*** GIVEN RECORDS ***
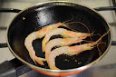 Momentos antes de emplatar, salteamos en una sartén con un poco de aceite las gambas blancas, peladas pero manteniendo su cabeza y la cola.
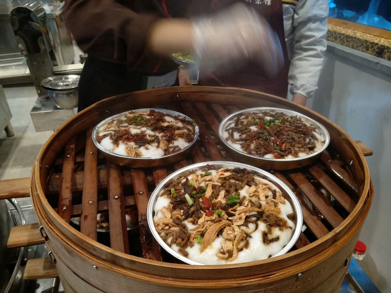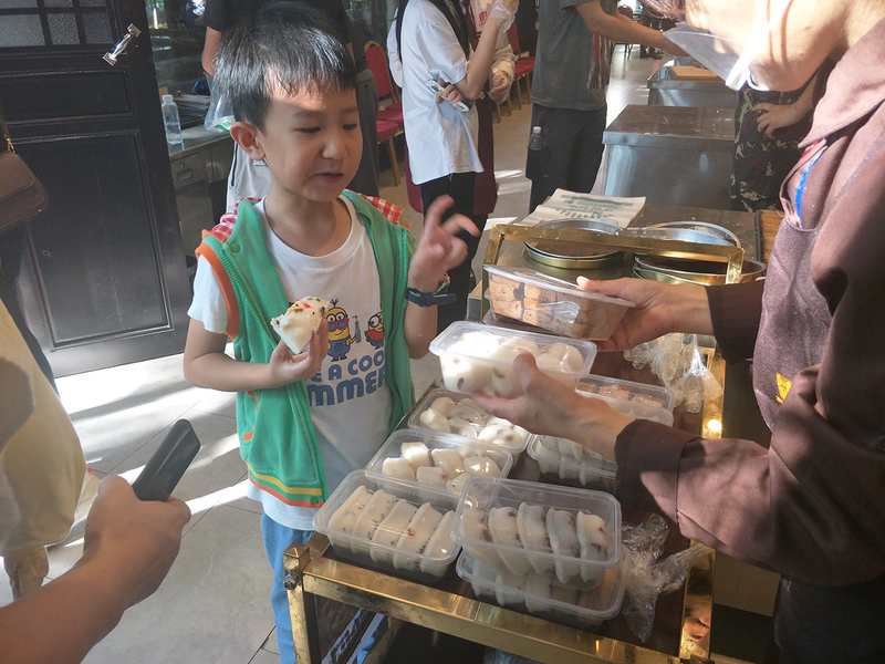 刚出炉的气糕冒着热气儿,肉丝和香干丝糅合的香气扑鼻而来,让人欲罢不能。在自己的位置上等待着工作人员过来帮忙切成菱形小块,米香混合着菜香,香味让人垂涎三尺。
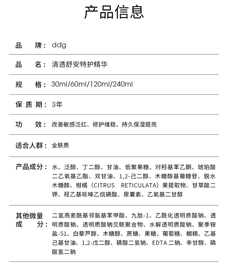 ddg 清透舒安特护精华 30ml/60ml/120ml/240ml 511特护精华清爽版3.0
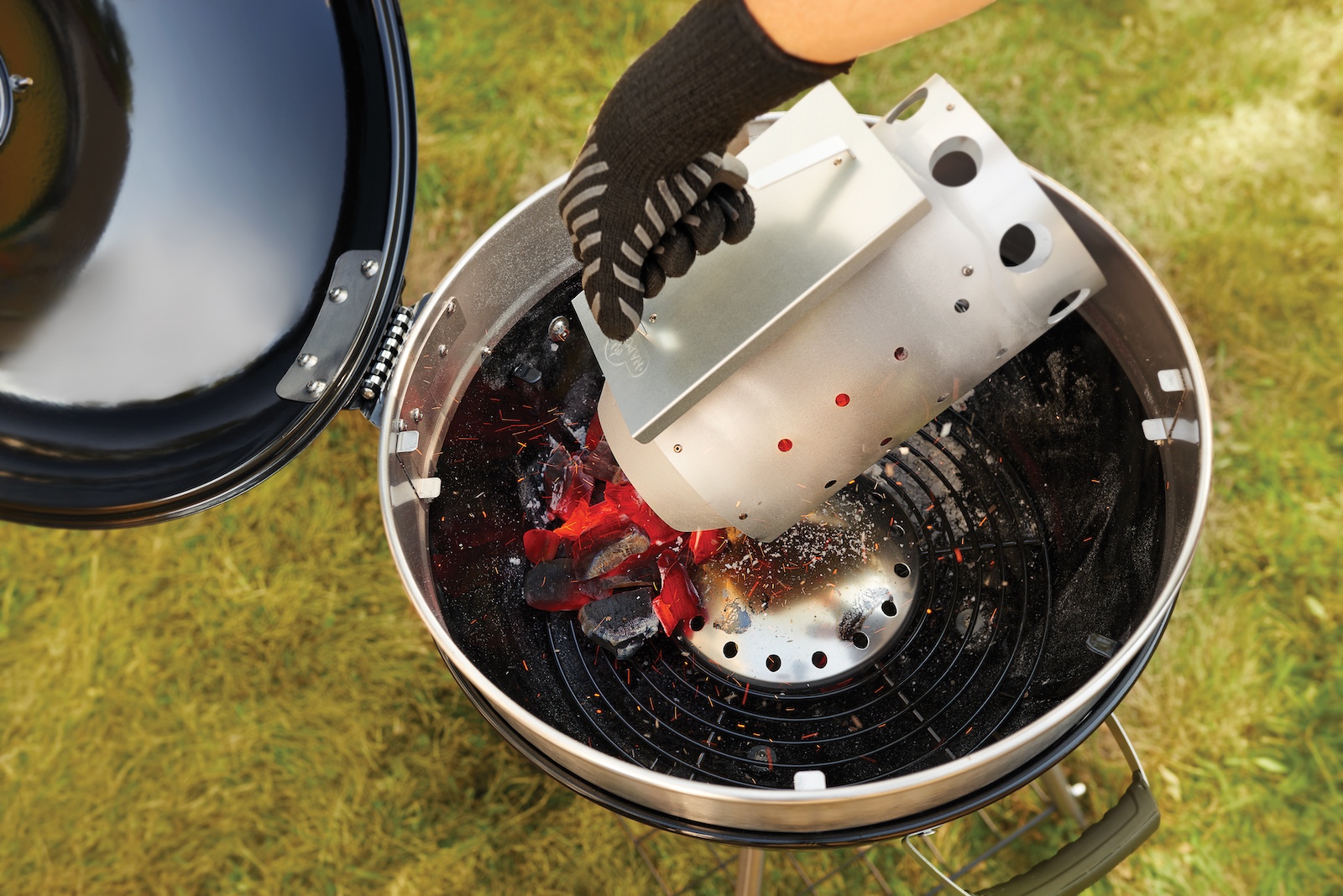 - Präzises Ausschütten der glühenden Holzkohle & Briketts
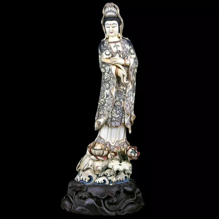 Композиция из бивня мамонта «Гуаньинь с жезлом жуи» воплощает один из самых почитаемых образов восточной духовной традиции — богиню милосердия и сострадания. Гуаньинь в китайской культуре воспринимается как заступница, слышащая молитвы и откликающаяся на страдания людей, дарующая утешение, защиту и надежду. Её образ связан с идеей безусловной доброты и внутренней чистоты, способной преобразить судьбу человека.
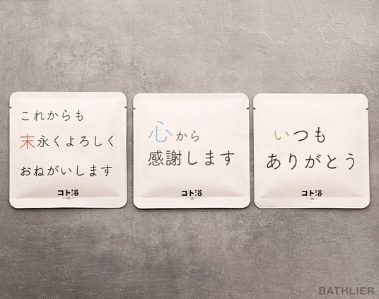 大人になると、照れくさくて感謝の気持ちをなかなか直接伝えられないもの。「コト浴 セレクションセット」には、そんなあなたの想いをメッセージにしたためて同封しております。
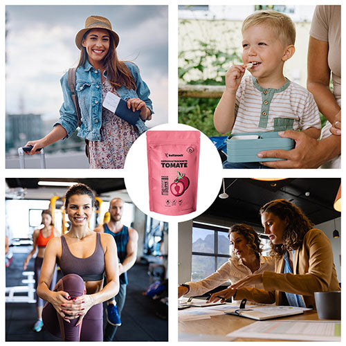 Ben je dol op de geur van zongerijpte tomaten? Dan zul je onze gevriesdroogde tomaten van Kultsnack helemaal geweldig vinden! Ze smaken zo intens, alsof ze vers van de plant geplukt zijn – maar dan knapperig, luchtig en boordevol natuurlijke vitamines. Of het nu gaat om een snelle snack, een topping voor je salade, bij de pasta of in romige dips – ze geven elk gerecht net dat beetje extra. 100% natuurlijk, zonder toevoegingen, suiker of ggo's – gewoon pure tomatenkracht waar je elke dag weer van zult smullen.
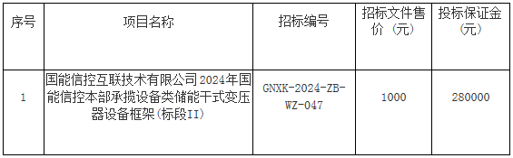 本招标项目名称为:国能信控互联技术有限公司2024年国能信控本部承揽设备类储能干式变压器设备框架(标段II),项目招标编号为:GNXK-2024-ZB-WZ-047,招标人为国能信控互联技术有限公司,资金来源为企业自筹。招标代理机构为国能龙源蓝天节能技术有限公司。本项目已具备招标条件,现对该项目进行公开招标。
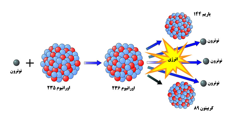 ۲۳۵۹۲U + ۱۰n→ ۱۴۰۵۶Ba + ۹۳۳۶Kr + 3 ۱۰n + Energy
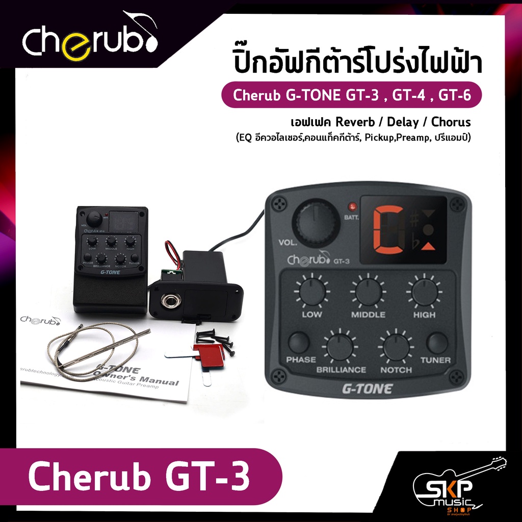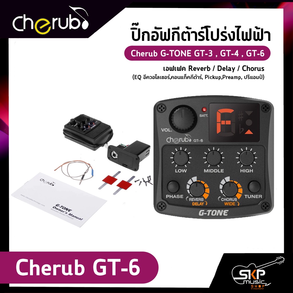 ปิ๊กอัฟกีต้าร์โปร่งไฟฟ้า Cherub G-TONE GT-3 , GT-4 , GT-6 เอฟเฟค Reverb,Delay,Chorus
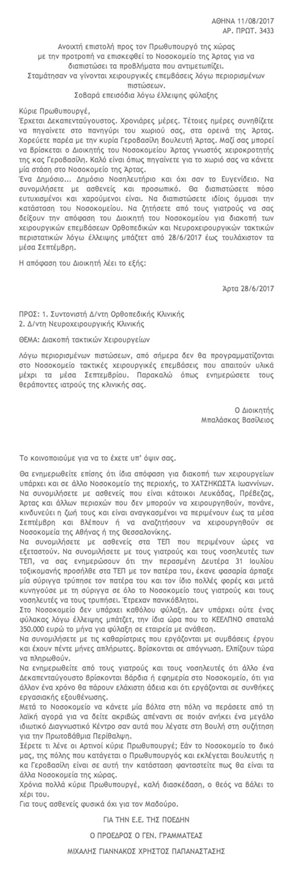 Ανοιχτή επιστολή στον Αλέξη Τσίπρα για τα προβλήματα που αντιμετωπίζει το νοσοκομείο της Άρτας, τόπος καταγωγής του πρωθυπουργού, έστειλε η ΠΟΕΔΗΝ, ενημερώνοντας τον ότι έχουν διακοπεί όλα τα τακτικά χειρουργεία λόγω έλλειψης πιστώσεων, ενώ καταγγέλλει τη διακοπή των τακτικών χειρουργείων και στο νοσοκομείο «Χατζηκώστα».
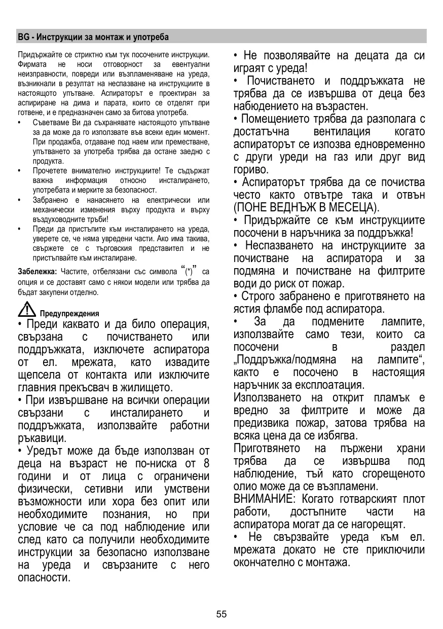 • Преди каквато и да било операция, свързана с почистването или поддръжката, изключете аспиратора от ел. мрежата, като извадите щепсела от контакта или изключите главния прекъсвач в жилището. • При извършване на всички операции свързани с инсталирането и поддръжката, използвайте работни ръкавици. • Уредът може да бъде използван от деца на възраст не по-ниска от 8 години и от лица с ограничени физически, сетивни или умствени възможности или хора без опит или необходимите познания, но при условие че са под наблюдение или след като са получили необходимите инструкции за безопасно използване на уреда и свързаните с него опасности. 55
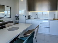 Description of object: We offer you a modern 3-room penthouse apartment in the popular Emilia Romana Verde complex in Sunny Beach, Bulgaria. The apartment impresses with its practical layout, stylish furnishings, and a breathtaking panoramic view — ideal for personal use or as a holiday property with rental potential. Property Details Living area: 118 m² Floor: 6th of 6 (with elevator) Orientation: Panoramic view of the mountains and surroundings Condition: Modernly furnished and move-in ready Layout Entrance area Living room with integrated kitchenette 2 bedrooms Bathroom Guest toilet Terrace with panoramic view Underfloor heating The apartment features bright, cheerful rooms, a practical layout for 2-3 people, and direct access to the terrace with stunning views. Fixture and fittings: We offer you a modern 3-room penthouse apartment in the popular Emilia Romana Verde complex in Sunny Beach, Bulgaria. The apartment impresses with its well-thought-out layout, stylish furnishings, and breathtaking panoramic views — ideal for personal use or as a holiday property with rental potential. Property Details Living Area: 118 m² Floor: 6th of 6 (with elevator) Orientation: Panoramic views of the mountains and surroundings Condition: Modernly furnished and move-in ready Layout & Features Living Room: Integrated kitchenette with oven, ceramic cooktop, extractor hood, refrigerator, sink, and sideboard; dining table, sofa, coffee table, chest of drawers/sideboard, and TV Bedrooms 1 & 2: Double beds, chest of drawers, and wardrobe Bathroom: Shower bath; additional guest toilet with washing machine Terrace: Panoramic view over Sunny Beach and the mountains, furnished with terrace furniture Special Features Bright, friendly rooms Practical layout for 2-3 people Direct access to the complex's pool area Fully furnished and ready to move in The Complex The Emilia Romana Verde complex features well-maintained outdoor areas, stylish design, and a central location in Sunny Beach. Supermarkets, restaurants, cafes, and the sandy beach are easily accessible. Ideal for: Holiday property, permanent residence, or an investment with rental potential. Location: The Emilia Romana Verde Complex is located in an attractive and peaceful area in the popular holiday resort of Sunny Beach. The residential complex offers a successful combination of relaxation, comfort, and good accessibility to all important facilities. Infrastructure & Surroundings Supermarkets, shops, pharmacies: reachable within a few minutes, ideal for daily needs Restaurants, cafes, and bars: numerous options in the vicinity for culinary experiences Leisure & Sports: nearby sports facilities, beach activities, mini-golf, water sports, and bike paths Healthcare: doctor's offices and pharmacies within walking distance Beach & Recreation The fine-sand beach of Sunny Beach is accessible within a few minutes on foot Numerous beach bars and sunbed rentals ensure relaxing holiday days The complex is situated quietly, away from mass tourism, yet offers quick access to all leisure activities Transport Connections Good connection to public transportation Easily accessible from Burgas Airport (about 30-35 minutes by car) Central location, ideal as a starting point for excursions in the region, e.g., to Nessebar or Sunny Beach City Character of the Location Quiet, well-maintained residential complex in a central location Appealing to owner-occupiers, holiday guests, and investors Perfect mix of relaxation, infrastructure, and tourist amenities Miscellaneous: Do you have any questions about this property or would you like to schedule a viewing? Feel free to contact us without obligation using the provided contact details.
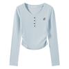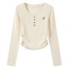 Milk blue T-shirt women's bow embroidered bottoming shirt early spring card waist pinch pleated long sleeve inside chic top
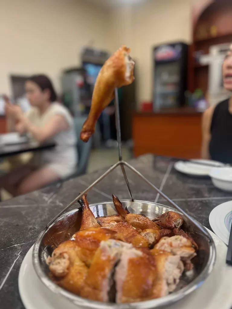 The Mingqi Restaurant receives very good reviews. It is headed by an award-winning chef, who specializes in making baked chicken. Our set for two came with what we liked very much, serving a whole chicken, an oyster pancake and veggies. The chicken was perfectly done with crispy skin. It was well flavored and not too dry.
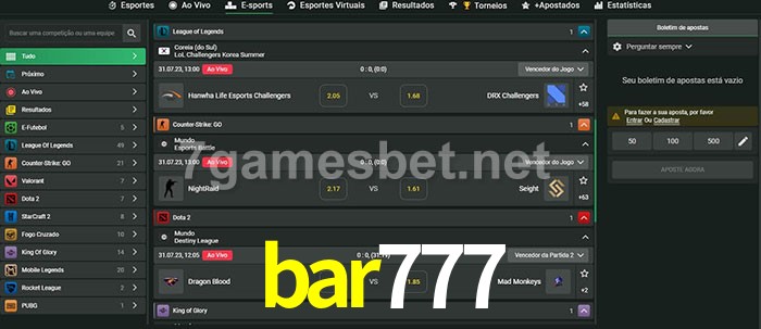O bar777 oferece uma grande seleção de opções de apostas em e-sports com probabilidades competitivas
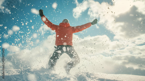 © EFA, Naklejka premium Person in Red Jacket Joyfully Jumping in Snowy Landscape
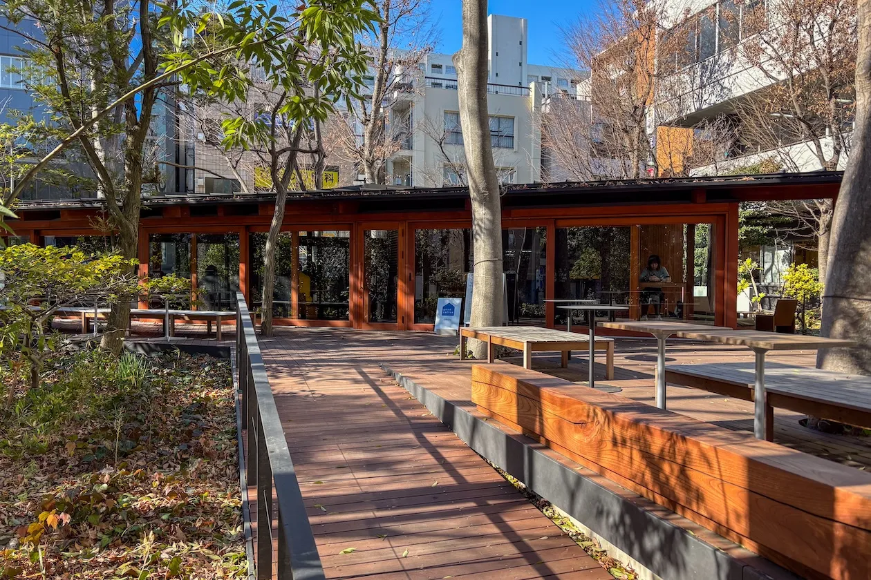 建物敷地内にはカフェがあり、建物2階にはワークラウンジも設置されています。充実した共用部分もこの建物の魅力の一つです。建物前の広場では定期的にイベントも開催されています。
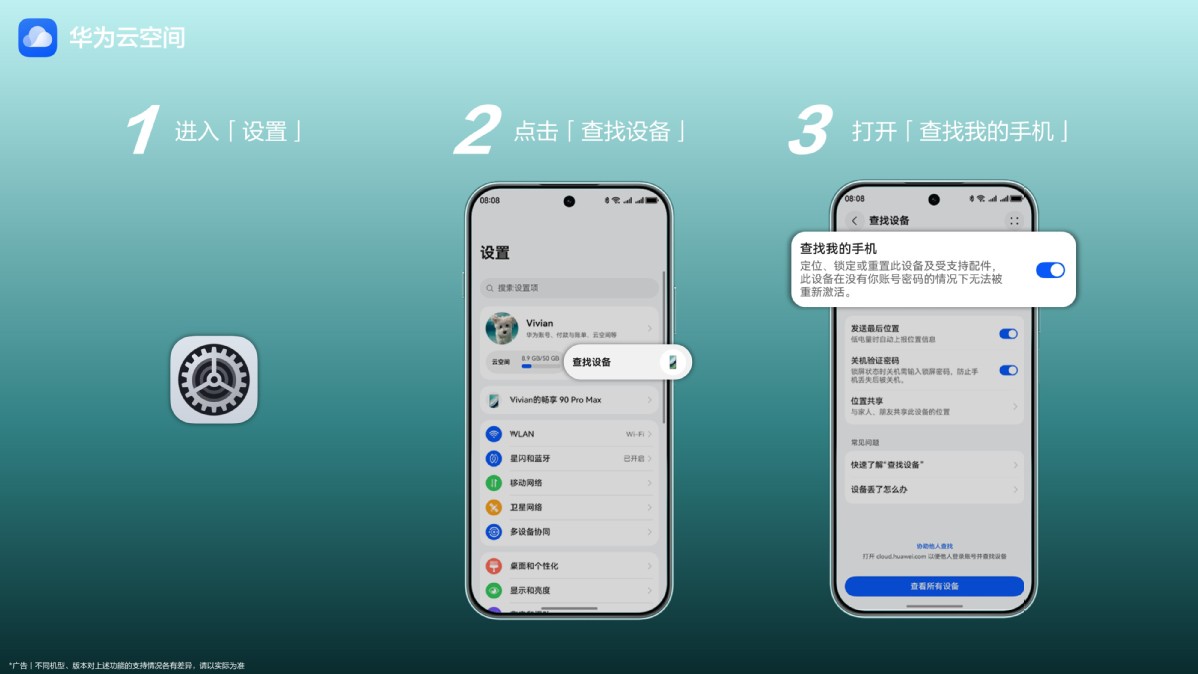 除了楼层及店铺级定位,华为云空间“查找设备”功能还支持为遗失设备开启“丢失模式”,实现远程锁定,并在锁屏界面留下联系方式,方便拾到者联系失主。畅享90系列新机到手后,用户可以第一时间进入“设置”,在华为账号胶囊中点击“查找设备”,确认“查找我的手机”功能已开启,即可享受更坚实的安全守护。
*** End of GIVEN RECORDS ***
**EXERCISE BRIEF**
Write out again exactly the lines above from the one with "Ανοιχτή επιστολή στον" through the one with "него опасности. 55", adding no other lines and no pictures.

**SOLUTION TO THIS EXERCISE**
 Ανοιχτή επιστολή στον Αλέξη Τσίπρα για τα προβλήματα που αντιμετωπίζει το νοσοκομείο της Άρτας, τόπος καταγωγής του πρωθυπουργού, έστειλε η ΠΟΕΔΗΝ, ενημερώνοντας τον ότι έχουν διακοπεί όλα τα τακτικά χειρουργεία λόγω έλλειψης πιστώσεων, ενώ καταγγέλλει τη διακοπή των τακτικών χειρουργείων και στο νοσοκομείο «Χατζηκώστα».
 • Преди каквато и да било операция, свързана с почистването или поддръжката, изключете аспиратора от ел. мрежата, като извадите щепсела от контакта или изключите главния прекъсвач в жилището. • При извършване на всички операции свързани с инсталирането и поддръжката, използвайте работни ръкавици. • Уредът може да бъде използван от деца на възраст не по-ниска от 8 години и от лица с ограничени физически, сетивни или умствени възможности или хора без опит или необходимите познания, но при условие че са под наблюдение или след като са получили необходимите инструкции за безопасно използване на уреда и свързаните с него опасности. 55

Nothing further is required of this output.